**ASSIGNMENT**
Copy the entries below word for word, but omit any pictures they contain.

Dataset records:

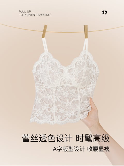ブラパッド付きのレディース保温ベスト下着、2025年秋冬新作フレンチセクシーレースインナーキャミソールベースレイヤー。
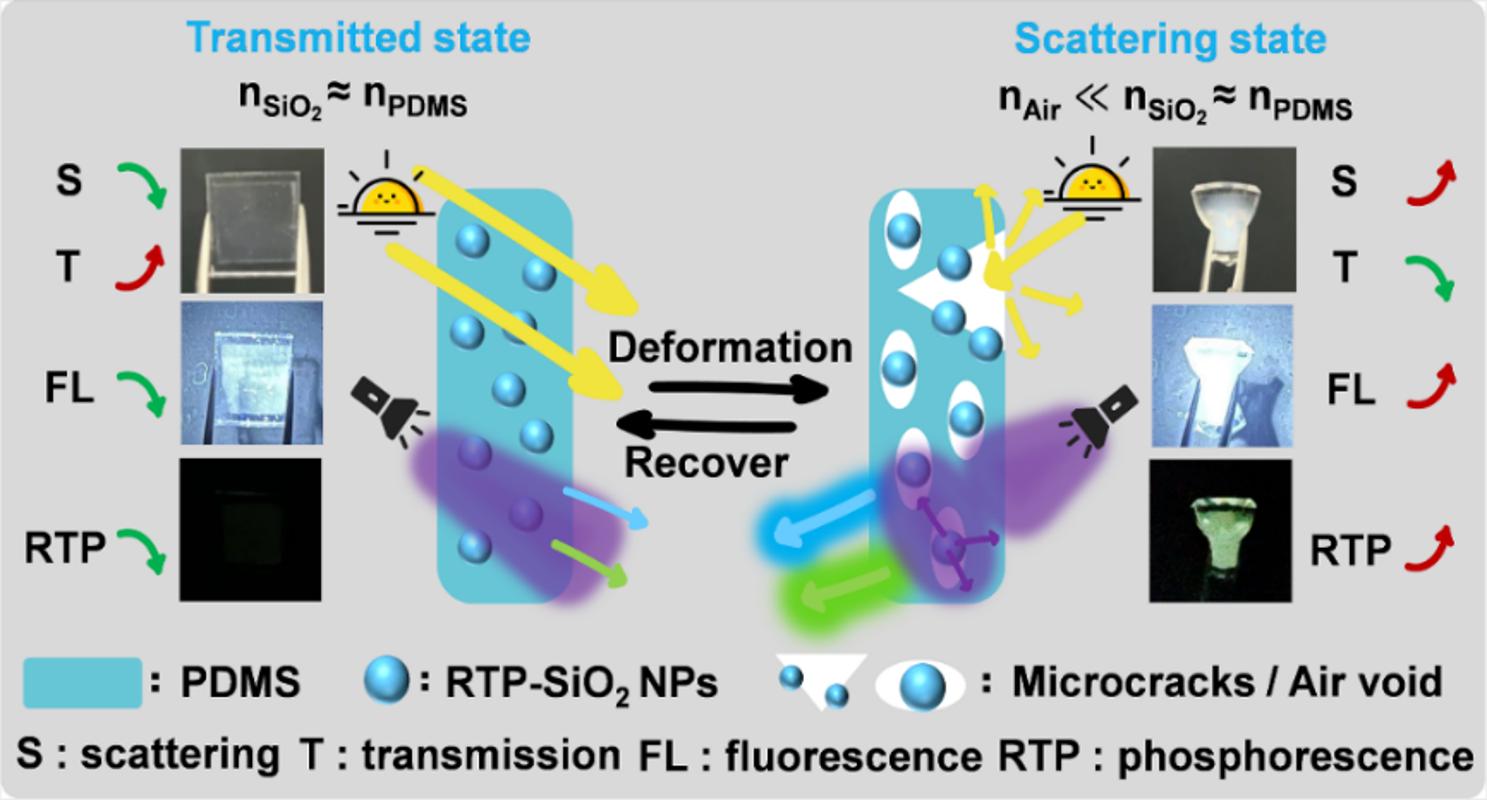 针对这一难题,西安交通大学物理学院研究人员创新性地提出了集成透射光、散射光、荧光(FL)和室温磷光(RTP)的多模式光学信号响应系统构建策略。通过高温煅烧包覆荧光碳点(CDs)的单分散SiO₂纳米球(SiO₂ NPs),成功制备出兼具单分散特性、均匀球形形貌与长寿命室温磷光的RTP-SiO₂ NPs,实现了物理光调制结构与化学发光的有效兼容。进一步将RTP-SiO₂ NPs与聚二甲基硅氧烷(PDMS)复合,构建了多光学形态集成的弹性体(MOME)。在外力拉伸或挤压作用下,材料内部微裂纹和微空隙的形成导致折射率失配,使MOME呈现从透明态向白色散射态的可逆转变。尤为突出的是,形变诱导的散射增强显著提升了材料的FL和RTP发光强度。此外,MOME还展现出独特的动态调控特性,包括磷光衰减过程中的形变调控效应、溶剂-形变协同响应的光学开关行为等。据文献调研,这是目前首例实现形变诱导FL与RTP自散射增强且动态可逆调控的报道。
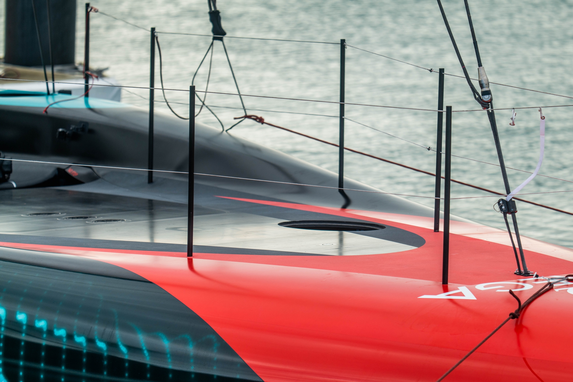 Top speeds on the bear-aways in the afternoon were later confirmed as being in excess of 50 knots and the recon team caught up with Bobby Kleinschmidt, one of the Emirates Team New Zealand Naval Architects who was onboard today, just behind the helms, checking out foil immersion through the waves, cant angles, flap angles and cavitation points. For the Kiwis it’s all about sailing to the simulation targets and on this performance, they look to be hitting the high numbers. Certainly, no hint of doubt from the design team. Emirates Team New Zealand look very strong in every department.
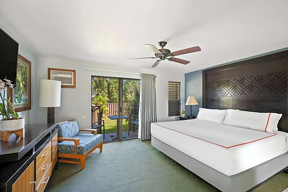 客室は、クイーンルームやガーデンビューのラナイルームから、キングルーム、デラックス、スイート、ファミリー向けの間取りまで幅広く用意されています。多くの客室は禁煙で、島の雰囲気に合う庭園や山の景色を楽しめる客室もあります。
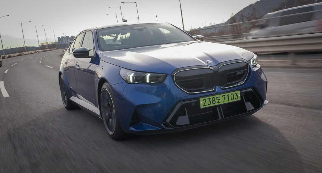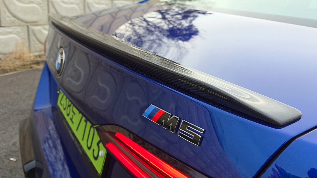 전면부의 거대한 키드니 그릴과 공격적인 M 전용 범퍼는 도로 위에서 시선을 압도하는 존재감을 뿜어냅니다. 멀리서도 '아, 이건 M5다!' 하고 외치는 듯한 강렬함이 느껴지죠.

**COMPLETED EXERCISE**
ブラパッド付きのレディース保温ベスト下着、2025年秋冬新作フレンチセクシーレースインナーキャミソールベースレイヤー。
 针对这一难题,西安交通大学物理学院研究人员创新性地提出了集成透射光、散射光、荧光(FL)和室温磷光(RTP)的多模式光学信号响应系统构建策略。通过高温煅烧包覆荧光碳点(CDs)的单分散SiO₂纳米球(SiO₂ NPs),成功制备出兼具单分散特性、均匀球形形貌与长寿命室温磷光的RTP-SiO₂ NPs,实现了物理光调制结构与化学发光的有效兼容。进一步将RTP-SiO₂ NPs与聚二甲基硅氧烷(PDMS)复合,构建了多光学形态集成的弹性体(MOME)。在外力拉伸或挤压作用下,材料内部微裂纹和微空隙的形成导致折射率失配,使MOME呈现从透明态向白色散射态的可逆转变。尤为突出的是,形变诱导的散射增强显著提升了材料的FL和RTP发光强度。此外,MOME还展现出独特的动态调控特性,包括磷光衰减过程中的形变调控效应、溶剂-形变协同响应的光学开关行为等。据文献调研,这是目前首例实现形变诱导FL与RTP自散射增强且动态可逆调控的报道。
 Top speeds on the bear-aways in the afternoon were later confirmed as being in excess of 50 knots and the recon team caught up with Bobby Kleinschmidt, one of the Emirates Team New Zealand Naval Architects who was onboard today, just behind the helms, checking out foil immersion through the waves, cant angles, flap angles and cavitation points. For the Kiwis it’s all about sailing to the simulation targets and on this performance, they look to be hitting the high numbers. Certainly, no hint of doubt from the design team. Emirates Team New Zealand look very strong in every department.
 客室は、クイーンルームやガーデンビューのラナイルームから、キングルーム、デラックス、スイート、ファミリー向けの間取りまで幅広く用意されています。多くの客室は禁煙で、島の雰囲気に合う庭園や山の景色を楽しめる客室もあります。
 전면부의 거대한 키드니 그릴과 공격적인 M 전용 범퍼는 도로 위에서 시선을 압도하는 존재감을 뿜어냅니다. 멀리서도 '아, 이건 M5다!' 하고 외치는 듯한 강렬함이 느껴지죠.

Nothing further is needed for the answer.